YoastSEO.js
YoastSEO.js copied to clipboard
Create a regex that selects all text after a subheading
We need a regex for capturing the text that follows the subheadings. Matching this in a regex is pretty hard, since we need to find a way for matching the text after a heading, and before the end of the text. The hard thing capturing this is with a capture, it captures the next subheading as well, so it skips the next part of the text, since the subheading is already matched. For now we use this method to be sure we capture the right blocks of text. We remove all | 's from text, then replace all headings with a | and split on a |.
This gives the desired outcome, but maybe we could improve this.

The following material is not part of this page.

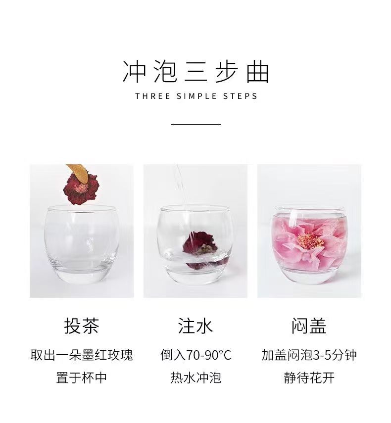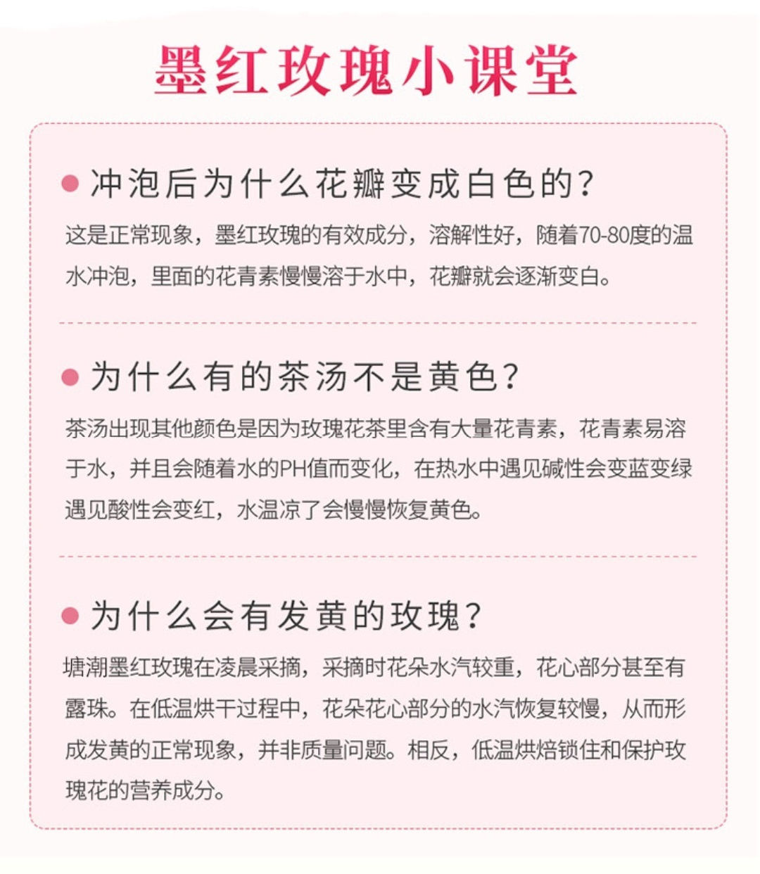 【养颜护肤】墨红玫瑰花茶含有丰富的花青素是抗衰老的有效元素,有美白、淡斑、祛痘、祛黄气。

Probably we can add something after the </h*>
and something before the <h*>
. This allows us to split on that value. For example: use <yoastparagraph>
and follow the next steps:
- Add
<yoastparagraph>
after the close subheading tag (for example:</h1>
) - Add
</yoastparagraph>
before the open subheading tag (for example:<h1>
) - Add
</yoastparagraph>
to the end of the text. - Do regex to get everything between
<yoastparagraph>
and</yoastparagraph>
What do we do with nested headings? Remove inner blocks and ignore them?
If we do we can convert all headings to the same level and just split on the <h1>
then in the results split on the </h1>
and use the 1st result of the last split as found text.